Project Description
Introduction
This summer our team, BabblED, designed and implemented a modular system for storing data in DNA. Through our modular design, we were able to incorporate error-correcting and safety mechanisms into our BabbleBricks (information containing DNA fragments). Read below to find out more about the motivations behind our project and how we have optimised DNA as a storage medium.
The Age of Big Data
Every day, we generate more than 2.5 billion gigabytes of new data1. At this rate, by 2020 the amount of digital data we have produced will exceed 40 zettabytes… this is estimated to be fifty-seven times the number of grains of sand on all beaches on Earth2. This data is generated and collected from everywhere: tweets, Facebook messages, Google maps searches, transaction records and pictures.
Much of this digitally generated data is stored instantly on the flash memory devices found in our phones or on our laptops, but much of it, as required by law, must be archived for a longer period of time.
Data Law
Parliamentary law in the United Kingdom requires companies to retain generated data for anywhere from 12 months to 50 years3. For example, the Data Retention and Investigatory Powers Act of 2014, states that any commercial company that provides communication services, such as telephone or internet companies, must retain all customer data for 12 months.
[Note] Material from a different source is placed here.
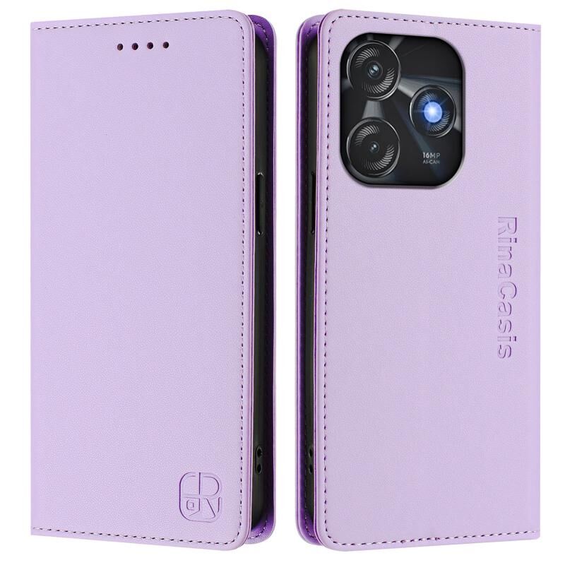 For Tecno Spark 10C / 10 4G RC01 Dual-Folded Magnetic Suction RFID Leather Phone Case(Light Purple)
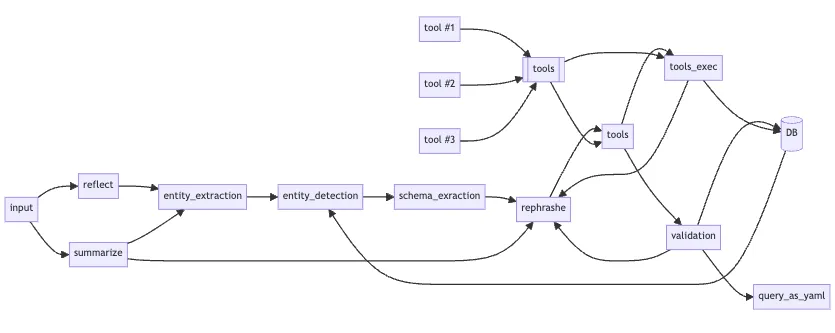 例如,要使用自底向上方法实现“原生语言 SQL 查询”,我们将从简单地将模式发送给LLM并要求它生成查询开始。

This is so that the data can be accessed by law enforcement should it be needed to investigate a crime4. Other laws such as The Ionising Radiations Regulations 1999 or The Control of Substances Hazardous to Health Regulations 2002, necessitate data related to medical or hazardous substances be retained for 40-50 years.
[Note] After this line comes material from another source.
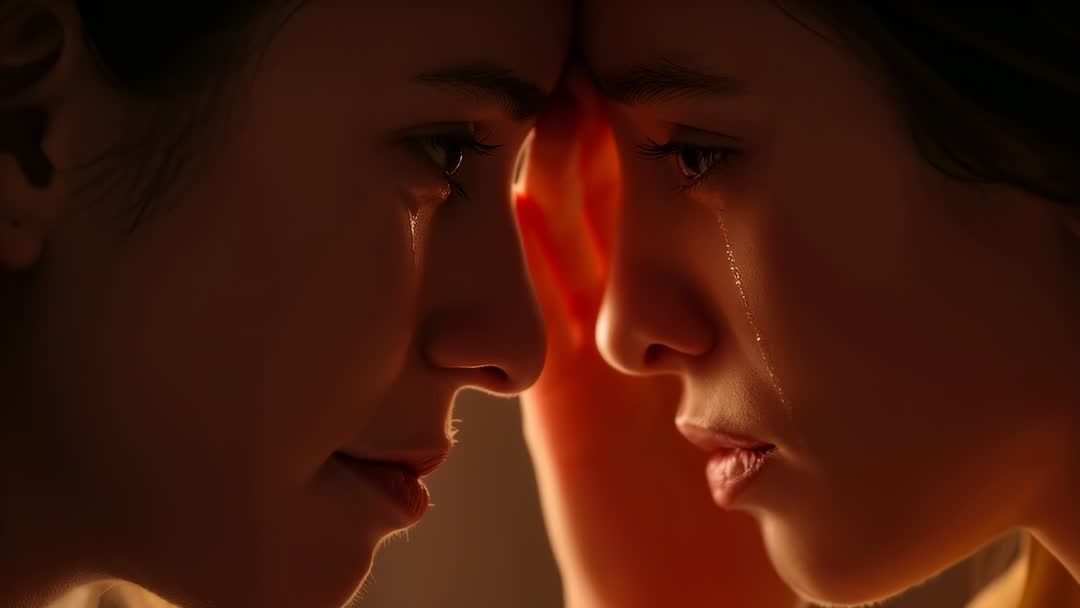 AI Generated Image. Video showing two Asian women touching foreheads in warm backlight, one shedding tears while other soothing with gentle hand. Close-up framing highlighting tears, skin texture, and intimate emotional exchange. Conveying vulnerability, trust, and compassionate support for use in mental health and relationship narratives. Suitable for mental health campaigns, grief or loss stories, counseling and therapy promotion, empathy and support messaging. Works well for social media reels, documentary b-roll, emotional commercial, editorial feature, or film montage. Color grading and slow-motion playback enhancing mood and cinematic impact.

In most cases, this data will likely be generated on a computer or a digital system. However, long-term storage of this data is unlikely to be on a computer or flash memory medium.
Archival Data Crisis
In addition to the data that is legally required to be retained, fundamental social institutions such as universities and libraries will archive data, whether it be ancient manuscripts or academic journals, for hundreds of years.
Archival data that is accessed infrequently and must be kept in a stable form for long periods of time is often stored on magnetic tape.
Through our conversations with data librarians, specialists and computing experts, we came to realise that there is an issue with storing archival data on tape. Our conversations with the National Library of Scotland shed some light on this. Magnetic tape has a life span of 6 years; though this is longer than the 2-year life span of hard drives, it poses a massive cost to archivists; every six years have to read and rewrite this data onto new tapes. This year it will take them 10 days to transfer 100TB of data, and it will cost them £230 in power costs, £310 to pay staff and £916 for the new tapes. In 2022, they will need to transfer 937TB of data; this will take them 71 days and cost £5,344 in total. Obviously, this process is unfeasible in the long term.
The National Library of Scotland stores data that dates back to the 9th century- imagine if these precious pieces of human history. If we lost our capacity to archive ancient texts, not to mention data from new discoveries, how would be retain human knowledge?
DNA Data Storage
DNA is nature’s form of information storage. Though not the first to think of it our team believes that DNA is the ideal long term storage medium both in nature but also for human generated data. DNA is denser, longer lasting and more sustainable than any other storage medium.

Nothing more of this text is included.